Checking the trade-off between cost, latency, and quality
Section titled “Checking the trade-off between cost, latency, and quality”A RAG system is not only about getting the highest score. In real projects, you also need to consider whether users can afford to wait, whether the cost is manageable, and whether the results are stable.
| Optimization action | Possible benefit | Possible cost | When it is suitable |
|---|---|---|---|
Increase top_k | Reduce missed retrievals | Longer context, more noise, higher cost | When the correct material often does not enter the candidate set |
| Add rerank | Better ranking accuracy | More latency, higher implementation complexity | When the answer is in the candidate set but ranked too low |
| Query rewrite | Better matches for conversational questions | May distort the question | When user wording differs greatly from document wording |
| Stronger embedding | Better semantic retrieval | Rebuild index, increased cost | When the baseline proves semantic retrieval is the bottleneck |
| Stricter prompt | Fewer hallucinations | May make answers more conservative | When the model tends to make things up even when materials are insufficient |
When optimizing, remember one principle: if the system does not yet have retrieval logs and an evaluation set, do not rush to add complex components. Without observation, it is hard to tell whether a complex component is solving the problem or creating new uncertainty.
Summary
Section titled “Summary”The most important takeaway in this section is:
RAG optimization is not just changing one parameter; it is about finding balance among retrieval quality, context quality, generation constraints, cost, and speed.

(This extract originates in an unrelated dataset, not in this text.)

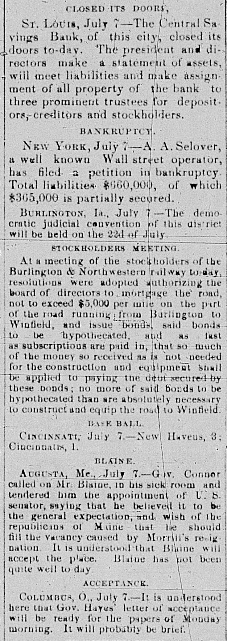 CLOSED ITS DOORS, Sr. LOUIS, July 7 - The Central Sa vings Bank, of this city, closed its doors to-day. The president and directors make a statement of assets, will meet liabilities and make assignment of all property of the bank to three prominent trustees for deposit ors,-creditors and stockholders. BANKRUPTCY. NEW YORK, July 7-A. A. Selover, a well known Wall street operator, has filed a petition in bankruptcy. Total liabilities $660,000, of which *365,000 is partially secured. BURLINGTON, Ia., July -The democratic judicial convention of this district will be held on the 22d of July STOCKHOLDERS MEETING. At a meeting of the stock holders of the Burlington & Northwestern railway today, resolutions were adopted authorizing the board of directors to mortgage the road, not to exceed $5,000 per mile on the part of the road running from Burlington to Winfield, and issue bonds said bonds to be hypothecated, and as last as subscriptious are paid in, that so much of the money so received as is not needed for the construction and equipment shall be applied to paying the deut secured by these bonds; no more of said bonds to be hypothecated than are absolutely necessary to construct and equip the road to Wintield. BASE BALL. CINCINNATI, July 7.-New Haveus, 3: Cincionalis, 1. BLAINE AUGUSTA, Me. July 7.-Gov. Connor called on Mr Blatne, 10 his sick room and tendered him the appointment of U.S. senator, saying that be believed it to be the general expectation, and wish of the republicios of Maine - that lie should fill the Vacancy caused by Morrill's re-ig nation It IS understood that Bluine will accept the place. Blaine has not been quite well to day ACCEPTANCE COLUMBUS, O., July 7.-I: is understood here that Gov. Hayus' letter of acceptance will be ready for the papers of Monday morning. It will probably be brief.

Truly effective optimization usually starts by locating the bottleneck, not by blindly stacking more components.
Exercises
Section titled “Exercises”- Change
max_charsinpack_context()and observe how the selected chunks change. - Create your own set of different
chunk_size / top_kconfigurations and practice running small comparison experiments. - Think about this: if the system always “retrieves the right material, but the answer is still off,” what should you optimize next?
Reference implementation and walkthrough
- Lower
max_charsforces the system to drop more chunks or shorten context; highermax_charsincludes more evidence but can add noise and cost. The useful setting is the smallest context that still preserves the needed evidence. - A good comparison changes one variable at a time and records retrieval hit, answer correctness, citation quality, latency, and token cost. Without fixed test questions, optimization becomes guesswork.
- If retrieval is correct but the answer is off, optimize prompt grounding, citation requirements, answer schema, reranking, context ordering, or post-generation verification before changing the vector database.